Die Befehlsstelle der Großbatterie Vill (3/3)

AutorIn: Barbara Pöll und Pascale Brandstätter

Am heutigen Titelbild posieren vier Männer des Reichsarbeitsdienstes (RAD) vor einer 8,8 cm Flak 37, die vor dem Befehlsbunker der Großbatterie Vill aufgestellt wurde. Im Hintergrund ist der südwestliche Eingang zum betonierten Unterstand sowie die Nordkette zu sehen.
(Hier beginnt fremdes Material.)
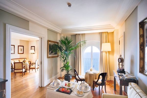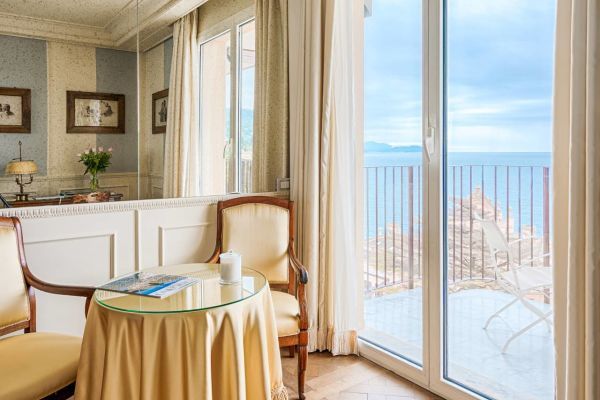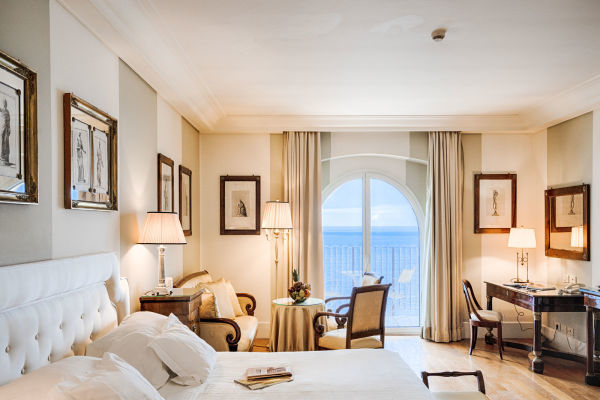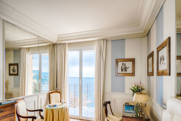 SUITE CLASSIC BALCONE VISTA MARE: Camera a partire da 50 mq, dotata di ampio soggiorno elegantemente arredato in stile imperiale, con balcone e meravigliosa vista sul Golfo di Rapallo e sulla Baia di Rapallo. Occupazione massima di 2 persone.
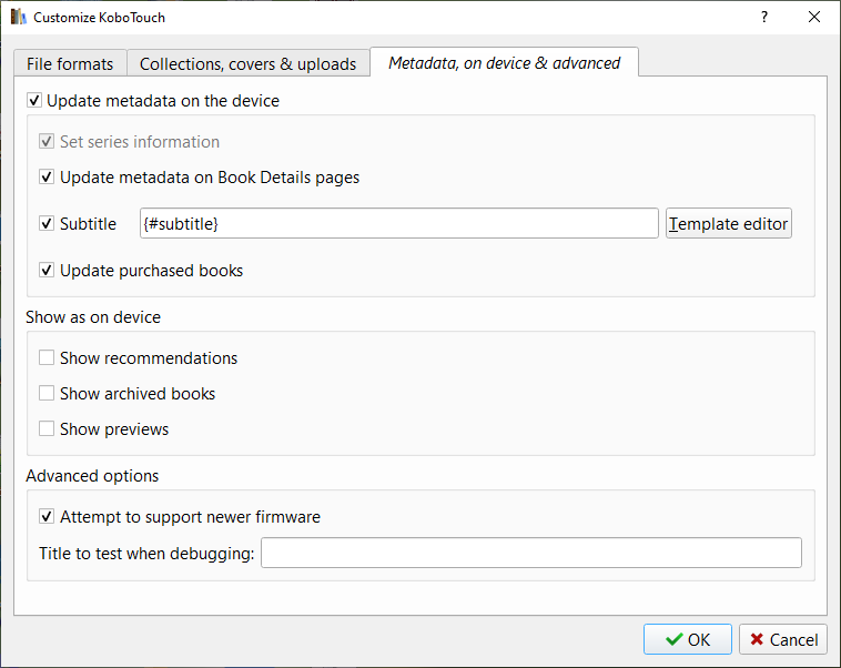 The most common reason for this is a factory reset. But, deleting the file "driveinfo.calibre" from the root directory of the device will also do it. The id for the matching comes from that file. If the file doesn't exist, calibre creates it. The id is randomly generated, so it will change. As I said in the post I linked, if you only have the one Kobo ereader, the simplest thing to do is to selected "*Any Device" in the configuration for the plugin. If you do have multiple devices, and want to have different configurations for them, you need to update the known devices in Devices tab. And then select it in the profile. I will have to revisit how this is done in the plugin. It probably should use the serial number, but, there are some issues with that. |
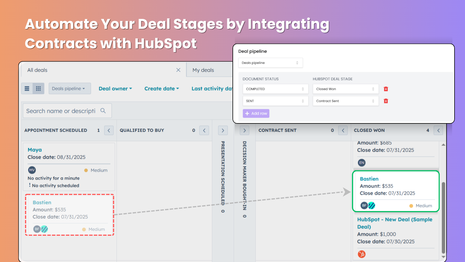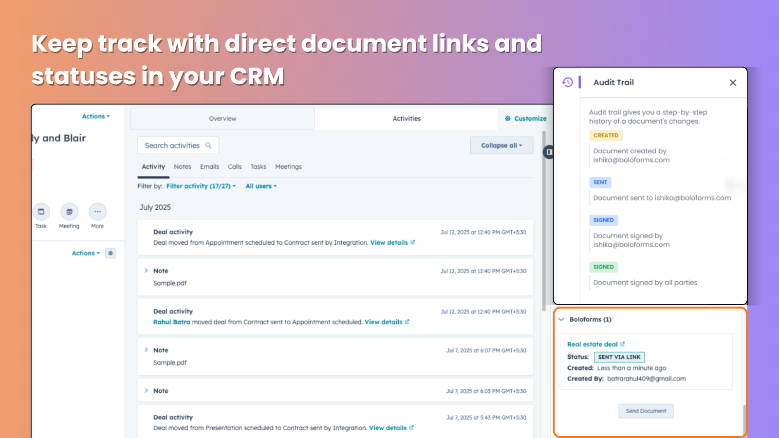 Every signed document updates your HubSpot pipeline in real time. Proposals viewed? Deal stage updated. Contract signed? Pipeline advanced. Your reps spend more time closing and less time cleaning up data. From bulk send to branded templates and secure audit logs, you have it all with BoloSign.
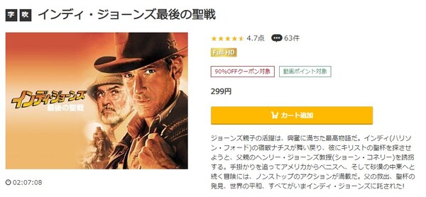 映画「インディ・ジョーンズ 最後の聖戦」は299円でレンタル配信してるので、フルで視聴できます。
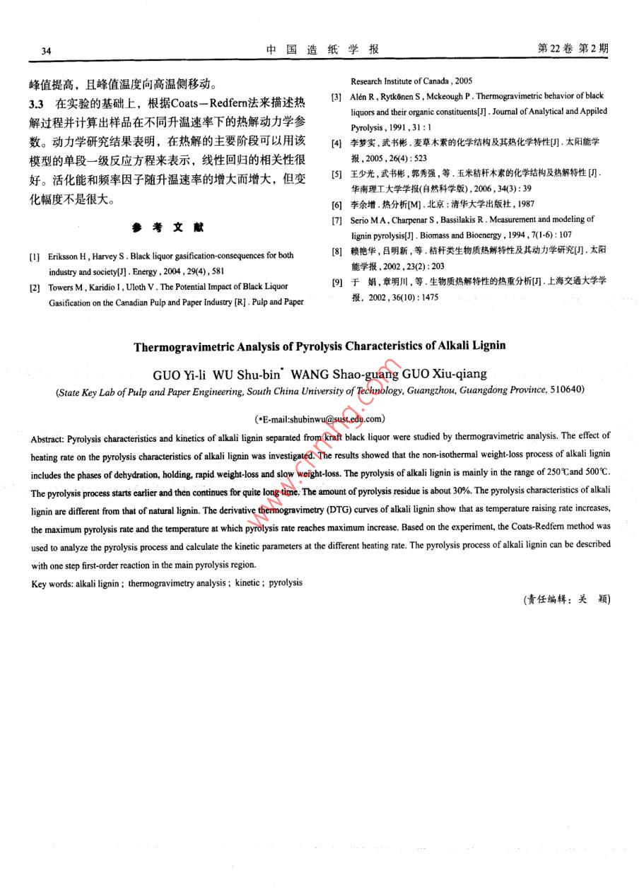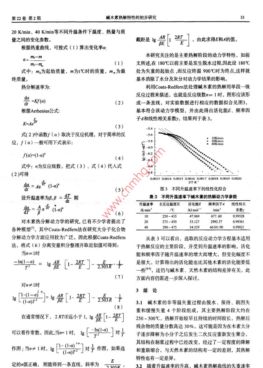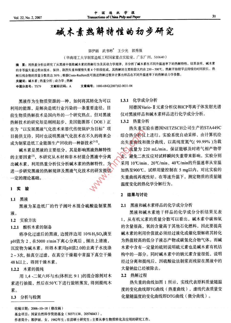 中國造紙學(xué)報vol.22,No.2,2007ransactions of China Pulp and paper堿木素?zé)峤馓匦缘某醪窖芯抗聋愇鋾颉蓖跎俟夤銖?華南理工大學(xué)制漿造紙工程國家重點實驗室,廣東廣州,510640)擴要:用熱重分析法研究了從黑液中提取堿木素的熱解行為及其動力學(xué)規(guī)律,并分析了堿木素在不同升溫速率下的熱解特性。結(jié)果表明,堿木素的非等溫失重過程由脫水、保持、劇烈失重和緩慢失重4個階段組成,其熱解的主要階段大約在250-50℃,熱解開始較早且持續(xù)的時間較長,熱解后殘余物的質(zhì)量分數(shù)高達30%;根據(jù) Coats-Redfcrm法可描述熱解過程并計算出樣品在不同升溫速率下的熱解動力學(xué)參數(shù)關(guān)鍵詞:堿木素;熱重分析;動力學(xué);熱解中圖分類號:TS79文獻標識碼:A文章編號:10006842(2007)020031-04黑液作為生物質(zhì)資源的一種,如何將其轉(zhuǎn)化為可以13.1化學(xué)成分分析利用的能源,是解決造紙行業(yè)污染的一條重要途徑。目用德國 vario-Ⅱ元素分析儀和CP等離子體發(fā)射光譜前生物質(zhì)熱解技術(shù)是國內(nèi)外的一個研究熱點,但對黑液儀對黑液樣品和堿木素樣品進行化學(xué)成分分析。熱解技術(shù)的研究卻是剛剛起步,美國能源部(DOE)正1.32熱重分析在為“以發(fā)展黑液氣化技術(shù)來替代傳統(tǒng)鍋爐為目標”項熱失重實驗在德國 NETZSCH公司生產(chǎn)的STA449C目提供支持,同時也說明黑液氣化技術(shù)在不久的將來會綜合熱分析儀上進行。實驗系統(tǒng)自動采樣,由計算機繪成為制漿造紙工業(yè)能源生產(chǎn)回收的一種新技術(shù)2出失重曲線和微分曲線,以高純度氮氣(9999%9)為載堿木素是黑液的主要組分,其是影響黑液熱解特性氣,流量為220mL/min,保證能夠及時將氣相產(chǎn)物帶的主要因素,本研究從木材和非木材混合黑液中分離走,避免二次反應(yīng)對試樣瞬間失重帶來影響。實驗分別出堿木素,利用熱重分析儀分析堿木素的熱解特性,為采用10℃/min、20℃/min、40℃/min的升溫速率從室溫進一步研究黑液的熱解規(guī)律及黑液氣化技術(shù)的研發(fā)提供加熱至900℃,試樣用量控制在5mg以內(nèi),對比實驗的定的理論基礎(chǔ)。失重曲線再現(xiàn)性好。在等速升溫下,測定物質(zhì)的質(zhì)量隨溫度變化的熱化學(xué)分解行為。1實驗2結(jié)果與討論11黑液黑液為某造紙廠的竹子闊葉木混合硫酸鹽制漿黑1黑液和堿木素樣品的化學(xué)成分分析液黑液和堿木素絕干樣品的化學(xué)成分分析結(jié)果見表12實驗方法1,從有機元素的質(zhì)量分數(shù)可以看出,堿木素中碳和氧121酸析木素的制備的含量很高,氧的含量高于其他石化燃料,因此要提高將凈化過濾后的黑液,邊攪拌邊用10%H2SO4滴至堿木素的利用價值就必須經(jīng)過液化或催化裂解將其轉(zhuǎn)化pH值為2,在500min下離心分離后,傾出上清液,為熱值較高的低分子液態(tài)產(chǎn)物或碳氫化合物氣體。而堿沉淀物為堿木素。所得木素用pH值20的去離子水洗滌木素中含有一定量的硫則說明硫元素也是堿木素有機結(jié)2~3次,抽真空過濾,在真空干燥箱中常溫下真空干燥構(gòu)中的一部分。同時堿木素中的鈉元素含量很低,說明48h以上,得到干燥木素。經(jīng)過分離和提純后,因硫酸鹽法制漿而殘留在黑液中的1.22木素的提純大量鈉鹽已經(jīng)被除去。用1,4.二氧六環(huán)與水(體積比91)的混合溶劑對木2.2熱解過程素進行抽提,然后在50℃下進行旋轉(zhuǎn)蒸發(fā),得到提純木熱失重的曲線如圖1所示,實線代表原料質(zhì)量隨溫素度的變化曲線即TG曲線(熱重曲線),虛線代表質(zhì)量變13分析與檢測化量隨溫度的變化曲線即DrG曲線(微分曲線)收稿日期:2006-10-18(修改稿)基金項目:國家自然科學(xué)資助基金(30371138、20576043)。作者簡介:郭伊麗,女,1982年生:在讀碩士研究生;主要從事生物質(zhì)轉(zhuǎn)化及應(yīng)用的研究工作。第22卷第2期表1黑液與堿木素樣品的化學(xué)成分的檢測與升溫速率密切相關(guān)。升溫速率快往往不利于中元素的質(zhì)量分數(shù)%分間產(chǎn)物的檢出,因為TG曲線上的拐點很不明顯。升溫速黑液0530121814332306(慢可得到明確的實驗結(jié)果,在熱重法中,采用高的升堿木素0206201865333036015溫速率一般對熱重曲線的測定不利含量/ mg.kg Ca Cu FeMg黑液2926l1.7368.17167672328148808446升溫速率增加,樣品顆粒達到熱解所需溫度的響應(yīng)堿木素32108214203210294114332536時間變短,有利于熱解;但是,升溫速率的增加使顆粒注S的質(zhì)量分數(shù)為未含無機物中硫元素的質(zhì)量分數(shù);O質(zhì)量分數(shù)的測定采內(nèi)外的溫差變大,顆粒外層的熱解氣來不及擴散,有可用差減能影響內(nèi)部熱解的進行。因此,生物質(zhì)熱解的快慢取決于這兩個相反過程的主次關(guān)系圖2為不同升溫速率下純堿木素樣品的TG和DTG0.10曲線。由圖2可知,不同升溫速率下熱重曲線的形狀基0.15本一致;分解溫度隨升溫速率的變化而改變,但失重量0.20保持恒定。40℃/min的TG曲線與10℃min的TG曲線相殘余物:35比,其拐點較不明顯,即升溫速率過快往往不利于中間3763℃產(chǎn)物的檢出。8001000圖1提純堿木素的TG和DTG曲線90在升溫速率(20℃/min)一定的情況下,隨著溫度的升高,木素的熱解經(jīng)歷了幾個不同的階段。由圖1可0.10見,熱失重主要分為4個階段。坦60第1階段從室溫到180℃,DTG曲線有個小的峰,

Am Erdkampfschild sind sogenannte Abschussmarkierungen angebracht. Die beiden Panzer sowie die Daten 15.12. und 19.12 1943 dürften sich auf die beiden Dezemberangriffe der 15th USAAF auf Innsbruck beziehen, als mehrere Flugzeuge von der Innsbrucker Flak abgeschossen wurden. Die Fotografie wurde von Bernhard Müller (2. von rechts) aus Unterfranken während seines RAD-Einsatzes bei der Batterie 1./577 (RAD 6./330) zwischen März und Juni 1944 aufgenommen (Quelle: Privatsammlung Müller. Vielen Dank für die Überlassung des historischen Fotos).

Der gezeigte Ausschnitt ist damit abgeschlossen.